By Cui Shoufeng (China Daily) Updated: 2015-04-08 07:02

 UK scholar tuned into China's WWII resistance

Michael Lindsay tunes a radio receiver at the Jinchaji base in Hebei province sometime between 1941 and 1944. Provided to China Daily

This is the second in a series of special reports about the experiences of foreigners who either lived or served in China between 1937 and 1945. Here, a photo exhibition is shedding light on an economist, radio expert who aided guerrilla forces, Cui Shoufeng reports.

Michael Lindsay arrived in China in 1938 intending merely to teach Keynesian economics. Instead, he was inspired to play a crucial role in the country's resistance against the invading Japanese forces.

The Englishman, now the subject of a photographic exhibition that has visited several Chinese universities, helped to smuggle vital supplies to guerrilla fighters during World War II and spent years behind enemy lines, where he even started a family.

War had already broken out by the time Lindsay, an Oxford College graduate and former student of groundbreaking economist John Maynard Keynes, arrived in Beijing to take up a lecturing post at Yenching University, later renamed Peking University.

The Japanese imperial army's invasion of northern China began in July 1937, and three months later the first village massacre was reported in nearby Hebei province, then known as Hopei.

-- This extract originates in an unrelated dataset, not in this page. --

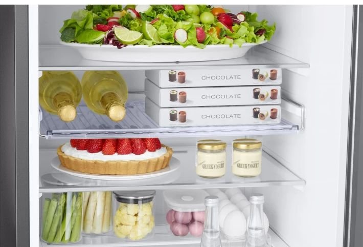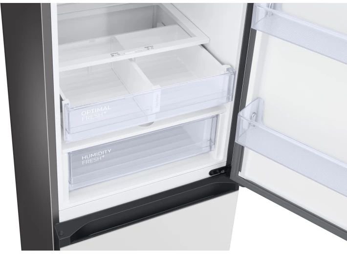 Больше пространства внутри Храните больше продуктов в большом холодильнике объемом 385 литров с глубиной 600 мм. Уникальная технология SpaceMax™ использует специальную высокоуретановую изоляцию, которая позволяет сделать стенки намного тоньше, не ухудшая при этом энергоэффективность. Таким образом, внутри становится больше пространства. Более продолжительная свежесть продуктов без образования льда Не тратьте время и энергию на размораживание холодильника. Технология No Frost улучшает циркуляцию воздуха для поддержания постоянной температуры, что предотвращает образование льда. Благодаря ей нужная температура достигается гораздо быстрее. И требует меньшей нагрузки от системы охлаждения. Идеальное хранение свежести мяса и рыбы Optimal Fresh+ представляет собой отдельный отсек для хранения, который идеально подходит для хранения мяса и рыбы. Температура там ниже, чем в холодильнике, чтобы продукты оставались свежими и сохраняли вкус. Оптимальная влажность для продолжительной свежести Сохраните оригинальную текстуру продуктов, вкус и запах в течение более длительного периода. Ящик с контролем влажности включается обычным поворотом ручки. Внутри создаются идеальные условия для хранения фруктов и овощей, поэтому остаются свежими и сочными как можно дольше. Быстрое охлаждение и замораживание при необходимости Наслаждайтесь быстрым охлаждением. Одним нажатием кнопки Power Cool интенсивно вдувает холодный воздух в холодильник, чтобы быстро охладить ваши продукты или любимые напитки. Power Freeze обеспечивает быструю подачу холодного воздуха в морозильную камеру. Открываются на 90° даже у стены Разместите холодильник в удобном для вас месте, несмотря на стены. Конструкция реверсивной дверцы позволяет открывать ее на 90°, не задевая краем ни одну стену. Таким образом, вы можете разместить холодильник в самом удобном месте, а дверца будет полностью открываться до уровня боковой стены. Чистота, надежность и защита Очистить заднюю стенку вашего холодильника стало еще проще. Защитный короб защищает кабели и легко очищается, поэтому можно не переживать за комплектующие холодильника. Тратьте меньше электроэнергии, храните больше продуктов Уменьшайте потребление электроэнергии до 10% с помощью режима AI Energy. Если ваш средний счет за электроэнергию превышает установленную вами норму, это поможет сэкономить. Режим AI Energy оптимизирует скорость компрессора и цикл размораживания в зависимости от использования и среды.
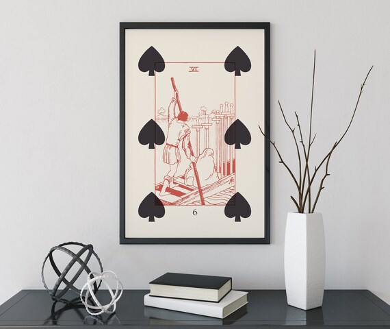 Six of Swords Spades- Tarot Card Print - The 6 Of Spades Swords Playing Card Poster, No Frame by Printagrams

In the occupied Beijing, Lindsay had become "distressed by his students' stories of the way they were treated by the Japanese police at the city gate", his granddaughter, Washington-based scholar Susan Lawrence, said in December when the exhibition opened at Shanghai Library before moving to Beijing's Peking University and now Renmin University of China, which hosts the show until April 17.

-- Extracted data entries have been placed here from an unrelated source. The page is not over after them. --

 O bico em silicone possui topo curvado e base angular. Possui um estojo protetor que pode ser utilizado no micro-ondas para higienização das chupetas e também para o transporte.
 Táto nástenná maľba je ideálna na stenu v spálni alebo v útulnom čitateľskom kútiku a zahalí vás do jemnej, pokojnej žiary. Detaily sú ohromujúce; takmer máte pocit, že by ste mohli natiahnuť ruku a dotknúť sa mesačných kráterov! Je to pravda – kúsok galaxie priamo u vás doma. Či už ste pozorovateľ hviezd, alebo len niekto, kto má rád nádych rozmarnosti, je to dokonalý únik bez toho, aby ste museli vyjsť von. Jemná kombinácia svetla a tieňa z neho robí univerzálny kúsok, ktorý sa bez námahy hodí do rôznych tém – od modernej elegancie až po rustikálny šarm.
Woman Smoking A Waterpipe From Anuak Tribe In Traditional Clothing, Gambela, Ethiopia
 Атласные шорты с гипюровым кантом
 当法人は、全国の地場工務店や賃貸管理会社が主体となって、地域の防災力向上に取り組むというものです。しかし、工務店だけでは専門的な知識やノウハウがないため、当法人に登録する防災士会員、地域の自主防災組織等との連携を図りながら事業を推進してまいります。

Her grandfather also witnessed firsthand appalling actions by the occupying forces, she said.

The economist was just 28 at the time, yet he was forced to make a life-or-death decision: flee the country or join the fight.

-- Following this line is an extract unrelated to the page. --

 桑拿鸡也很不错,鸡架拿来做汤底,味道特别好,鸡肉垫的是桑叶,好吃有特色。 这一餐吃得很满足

In the spring on 1938, Lindsay learned of a resistance movement forming outside Beijing and, at the first opportunity, traveled with some colleagues to the communist-led Jinchaji base, named after the area straddling Hebei and Shanxi provinces.

Inspired by what he saw, he returned to the capital and began to help the guerrilla forces in his spare time by sending supplies through secret channels, the most important of which were medicine and radio parts.

Due to his foreign appearance, "although the occupation troops might have had their eyes on this young Englishman, they couldn't search him at the city gates like they did to all the locals", according to professor Tonglin Lu at Shanghai Jiao Tong University's School of the Humanities, an authority on foreigners involved in the Chinese resistance during World War II.

He enlisted the help of one of his students to relabel in Chinese the items he bought, to avoid the stores where he purchased them facing any backlash if Japanese soldiers ever intercepted a shipment. That student was Li Hsiao Li, who later became his wife.

Li was the daughter of a retired army colonel and had intended to study in Nanjing, capital of Jiangsu province, before the Japanese invasion forced her to change her plans and gain admission to Yenching University.